We also have a number of questions for customers that I suspect we'll start seeing receipts for in the coming months, at least from the early adopters:
* What was the net gain (loss) from leveraging coding agents?
* What's the cost of a developer with or without access to a coding agent + harness? Is it cheaper to hire an outsourced worker with a coding agent subscription, or a domestic worker without one?
* At what point does further AI spend result in diminishing returns, i.e. where's the 'sweet spot' for spend?
* Did AI boost actual revenue and outcomes, or did it just gamify KPIs?
* What roles or work did AI actually replace, versus merely displace during the hype cycle?
Not to mention the questions regarding the technology itself:
* Will we develop the means to run foundational/frontier models at edge using less resources through some existing (e.g. distillation) or new technology, thus cutting off the profit centers of these firms?

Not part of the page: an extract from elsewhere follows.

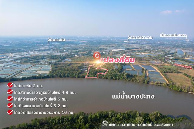 ที่ตั้ง : ขายที่ดินติดแม่น้ำบางปะกง 9 ไร่เศษ (ถมแล้วบางส่วน) ต.ท่าพลับ อ.บ้านโพธิ์ จ.ฉะเชิงเทรา

* When the market mismatch between supply and demand is resolved, won't it be more affordable for consumers and companies to operate their own AI infrastructure rather than support further centralized buildouts?
* Will coding agents improve to the point of being able to bootstrap and self-orchestrate on edge/consumer hardware without substantial technical expertise, or at least improve to the point that traditional IT teams can securely operate them internally without an expensive subscription or API token bucket?
All of these will influence the long tail of this bubble, because it is a bubble at this point. Even if these companies are indeed profitable thanks to the coding agent inflection point, there's still so many unanswered questions about utility beyond coding that it's impossible to extrapolate a future. If coding agents are indeed the extent of utility for profitability, then there's no possible way these entities will recoup the investment already sunk into their infrastructure buildouts. Even if more profitable uses are discovered, does this offset or replace the firms disappearing due to AI speculation and their associated contributions to the economy as a whole (RE: the consumer compute industry at present, higher energy costs due to datacenter builds, opportunity cost from harms to local infrastructure from haphazard builds, etc)? Should these firms indeed be runaway successes and immensely profitable to the point of paying off their investors and growing the larger economy, does this end up stifling innovation in a world where most new ideas are fed into LLMs for R&D that are then controlled by only a handful of companies and immensely wealthy people, via systems that are easily surveilled and stolen from without recourse?
So many, many questions yet to be answered. Betting the farm because of coding agents is one hell of a gamble.
Is that quarter same as any other quarter in terms of infrastructure costs (e.g. are there any temporary discounts happening coincidentally)?